**Material provided**
-------

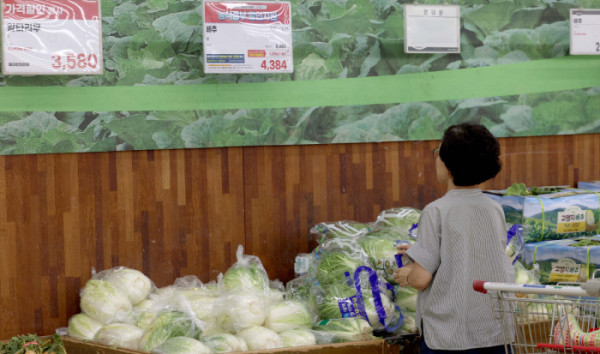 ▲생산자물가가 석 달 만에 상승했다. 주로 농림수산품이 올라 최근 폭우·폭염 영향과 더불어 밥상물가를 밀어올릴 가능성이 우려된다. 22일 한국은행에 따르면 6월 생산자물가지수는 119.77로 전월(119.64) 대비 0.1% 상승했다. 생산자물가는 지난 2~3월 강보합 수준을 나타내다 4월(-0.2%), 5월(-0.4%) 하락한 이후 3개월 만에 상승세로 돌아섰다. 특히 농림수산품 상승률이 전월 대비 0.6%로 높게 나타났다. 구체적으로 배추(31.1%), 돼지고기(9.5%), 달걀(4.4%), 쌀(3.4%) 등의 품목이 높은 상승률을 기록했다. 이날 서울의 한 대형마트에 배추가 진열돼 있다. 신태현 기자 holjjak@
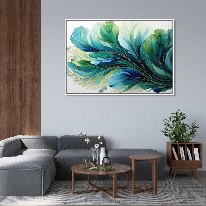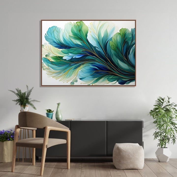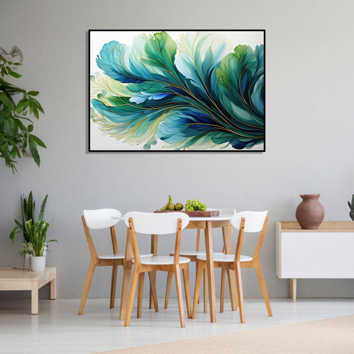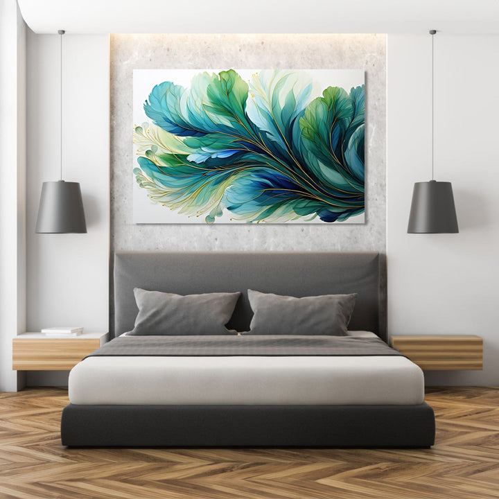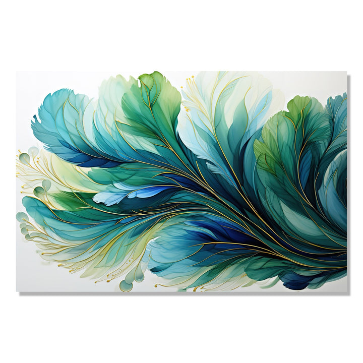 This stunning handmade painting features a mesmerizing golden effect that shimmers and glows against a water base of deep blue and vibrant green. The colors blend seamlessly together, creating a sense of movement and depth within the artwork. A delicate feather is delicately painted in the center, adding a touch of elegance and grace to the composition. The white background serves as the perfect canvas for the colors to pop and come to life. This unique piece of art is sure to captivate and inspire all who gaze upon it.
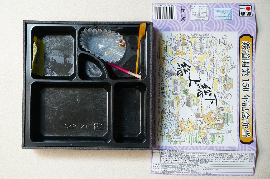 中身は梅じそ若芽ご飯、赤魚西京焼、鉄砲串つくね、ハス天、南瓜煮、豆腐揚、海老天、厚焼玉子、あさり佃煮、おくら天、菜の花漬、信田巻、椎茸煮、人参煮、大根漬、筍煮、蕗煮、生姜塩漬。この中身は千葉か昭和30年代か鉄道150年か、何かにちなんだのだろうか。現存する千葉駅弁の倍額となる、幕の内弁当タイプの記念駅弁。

-------

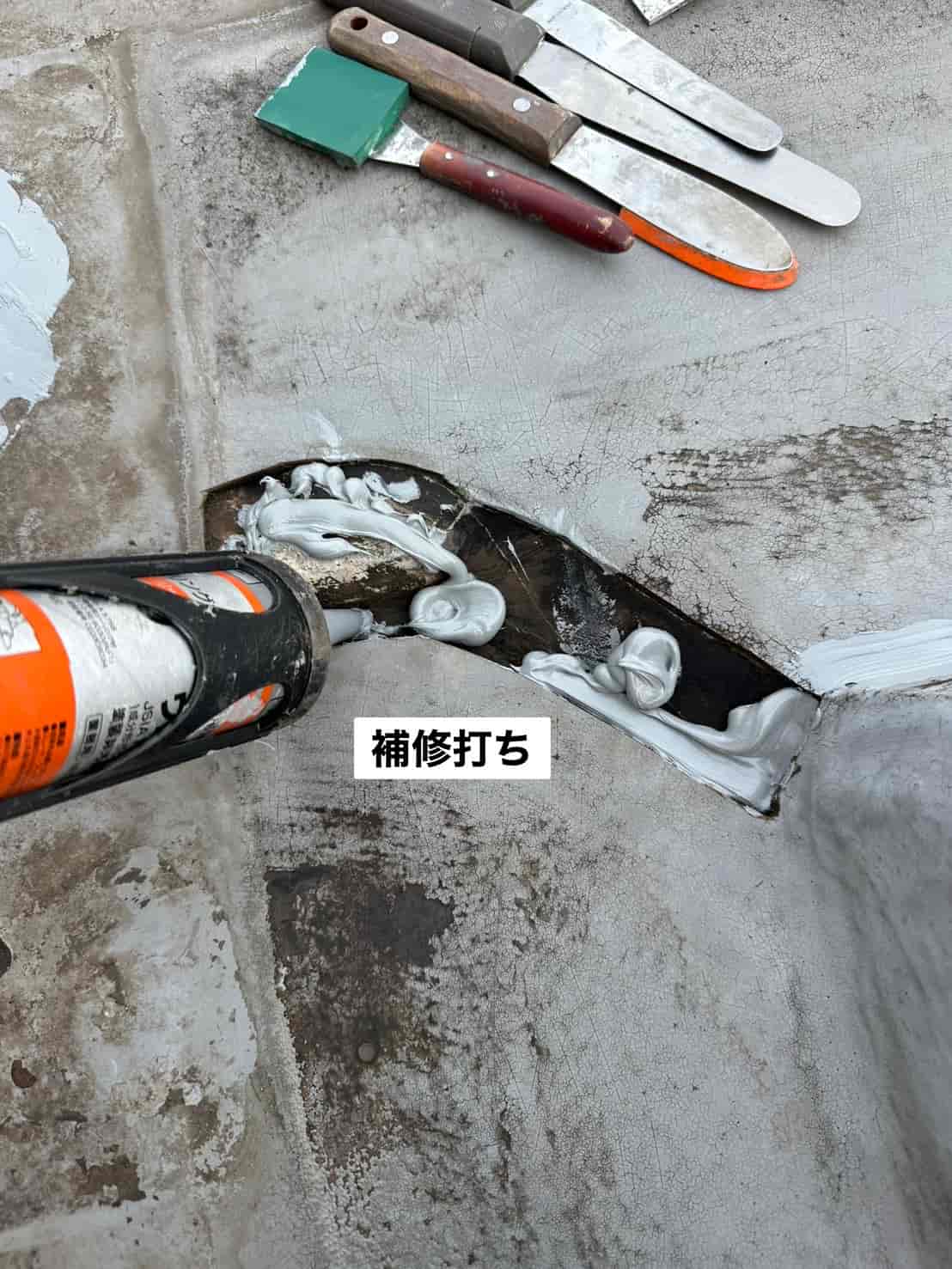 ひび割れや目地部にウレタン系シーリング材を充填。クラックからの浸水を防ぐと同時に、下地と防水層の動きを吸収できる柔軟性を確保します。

-------

Start at the line containing "신태현 기자 holjjak@" above and stop at the line containing "中身は梅じそ若芽ご飯、赤魚西". Output those lines exactly, both included, but none of the pictures.

 ▲생산자물가가 석 달 만에 상승했다. 주로 농림수산품이 올라 최근 폭우·폭염 영향과 더불어 밥상물가를 밀어올릴 가능성이 우려된다. 22일 한국은행에 따르면 6월 생산자물가지수는 119.77로 전월(119.64) 대비 0.1% 상승했다. 생산자물가는 지난 2~3월 강보합 수준을 나타내다 4월(-0.2%), 5월(-0.4%) 하락한 이후 3개월 만에 상승세로 돌아섰다. 특히 농림수산품 상승률이 전월 대비 0.6%로 높게 나타났다. 구체적으로 배추(31.1%), 돼지고기(9.5%), 달걀(4.4%), 쌀(3.4%) 등의 품목이 높은 상승률을 기록했다. 이날 서울의 한 대형마트에 배추가 진열돼 있다. 신태현 기자 holjjak@
 This stunning handmade painting features a mesmerizing golden effect that shimmers and glows against a water base of deep blue and vibrant green. The colors blend seamlessly together, creating a sense of movement and depth within the artwork. A delicate feather is delicately painted in the center, adding a touch of elegance and grace to the composition. The white background serves as the perfect canvas for the colors to pop and come to life. This unique piece of art is sure to captivate and inspire all who gaze upon it.
 中身は梅じそ若芽ご飯、赤魚西京焼、鉄砲串つくね、ハス天、南瓜煮、豆腐揚、海老天、厚焼玉子、あさり佃煮、おくら天、菜の花漬、信田巻、椎茸煮、人参煮、大根漬、筍煮、蕗煮、生姜塩漬。この中身は千葉か昭和30年代か鉄道150年か、何かにちなんだのだろうか。現存する千葉駅弁の倍額となる、幕の内弁当タイプの記念駅弁。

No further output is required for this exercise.